I meant feb 8th 2020.
Another note on PSA. About 2 and 1/2 years in, my PSA rose to .117 . Not high, but scary since it increased over < .006 by a high percentage. My thought was that I needed to find the best radiation folks. I contacted Dr. Walsh, who immediately told me to get a new PSA bloodtest at a HOPKINS lab. I did and the PSA showed up as negligible. I took again in 3 months and again negligible. He now says a one-year test will be fine. Evidently a false test isn't unusual.
Unrelated I have two friends with 3/3 Gleason scores. They have been under active surveillance for close to 10 years. Their doctors feel there's an excellent chance they'll never need treatment.
Tuckerp,
so sorry to hear about things going on in your life. Best advice I heard (and from this group) was to get PT from a post-prostate surgery specialist. It made a world a difference (assuming you get a good PT). I saw her starting in April for about 8 visits - every couple weeks, then once a month. She really helped my kegels and other simple (because otherwise I wouldn't do them) exercises. She also helped me with diet and was a great cheerleader for me. One of the things she was good at is understanding me. I told her how I hate exercises (I do love cardio stuff though) and have trouble following routine.
So she made everything simple for me and I do some things while in the shower and maybe 5 minutes total of exercise/kegels daily. She practices in Columbia, Md for Johns Hopkins (my surgeon recommended her). FYI, when I used a pad, I found a super light, small pad that was perfect. Seems way better than whatever you're using (see attached; about 3x4 inches & as thin as an athletic sock.

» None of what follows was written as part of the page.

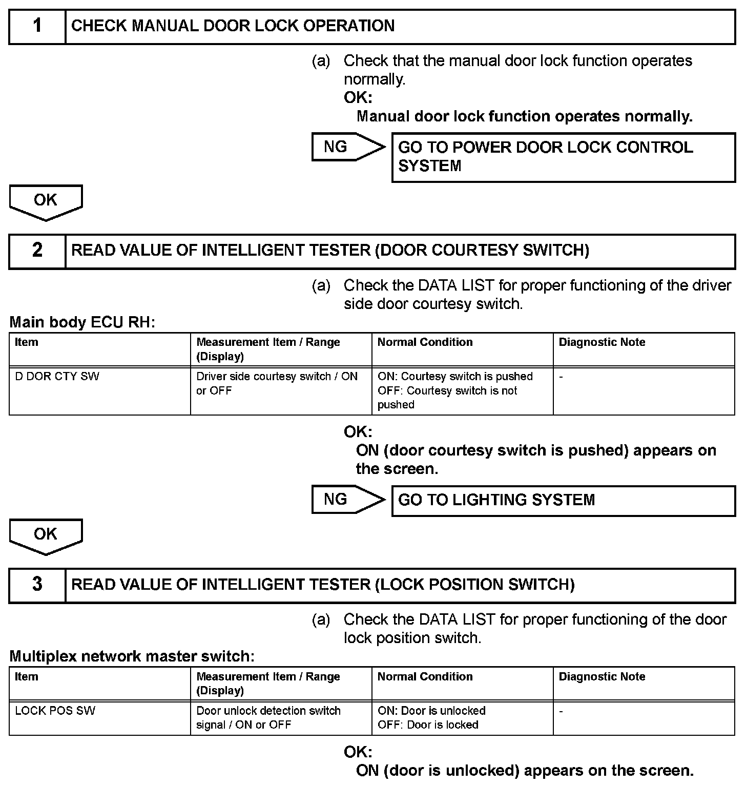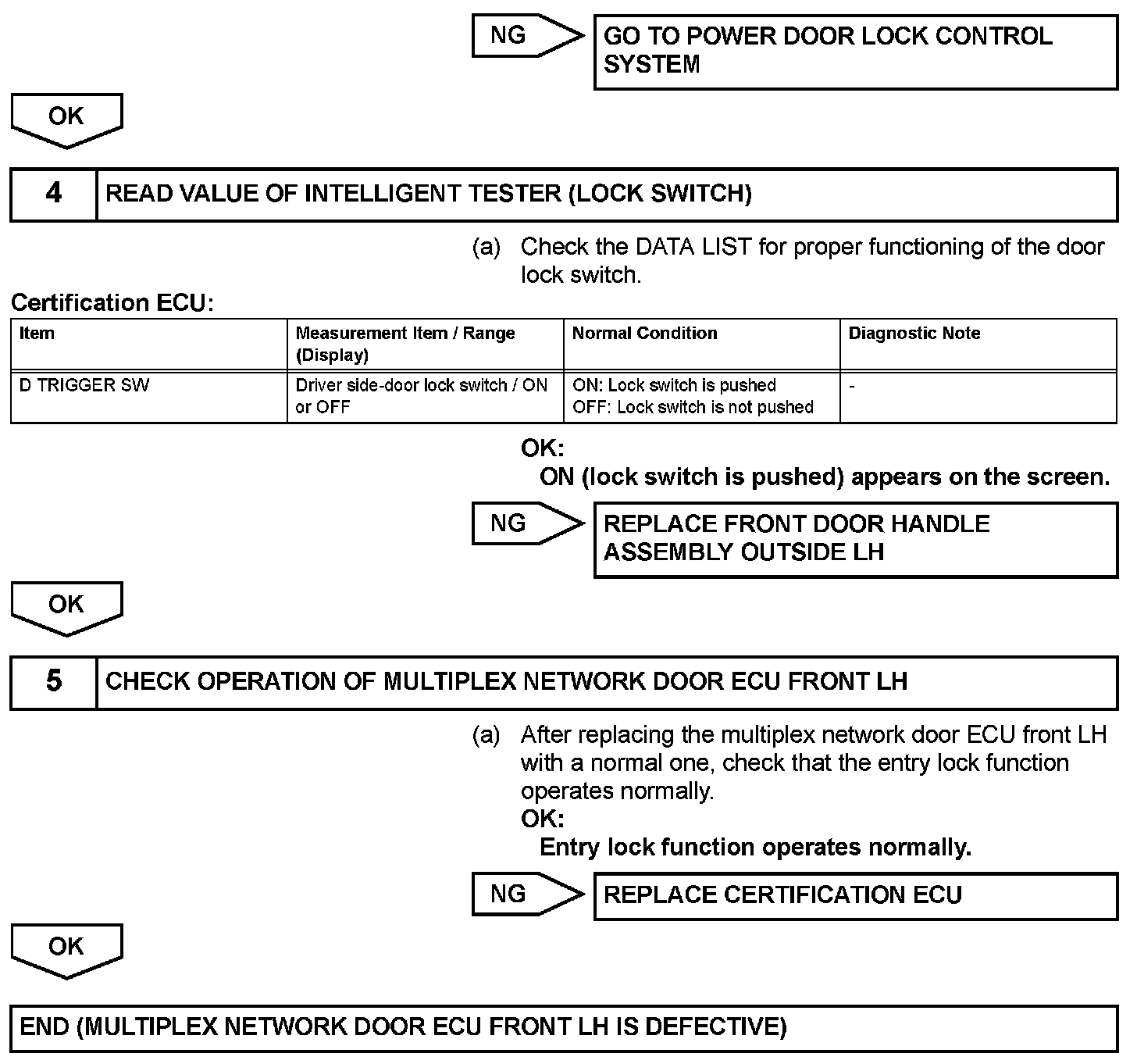 Driver Side Door Entry Lock Function does not OperateDESCRIPTION

I'm not an expert, but I believe the "use it or lose it" refers to erections and not to incontinence. I did discuss the erection issue with my PT and she also had some good advice. What I understood was that it's important to deal with the erectile dysfunction early, because the urologists suggested progress may be limited after a year or so. I would highly recommend you watch the video I posted about in an earlier reply https://www.youtube.com/watch?v=f0bflKbR2To
that talks about erectile dysfunction. I went to her a bunch of times and she prescribes my pills and talked about options. She also highly recommended using a PT who gave me more practical advice. I've done a couple telemed visits with her and she may willing to do those w/o an inperson visit.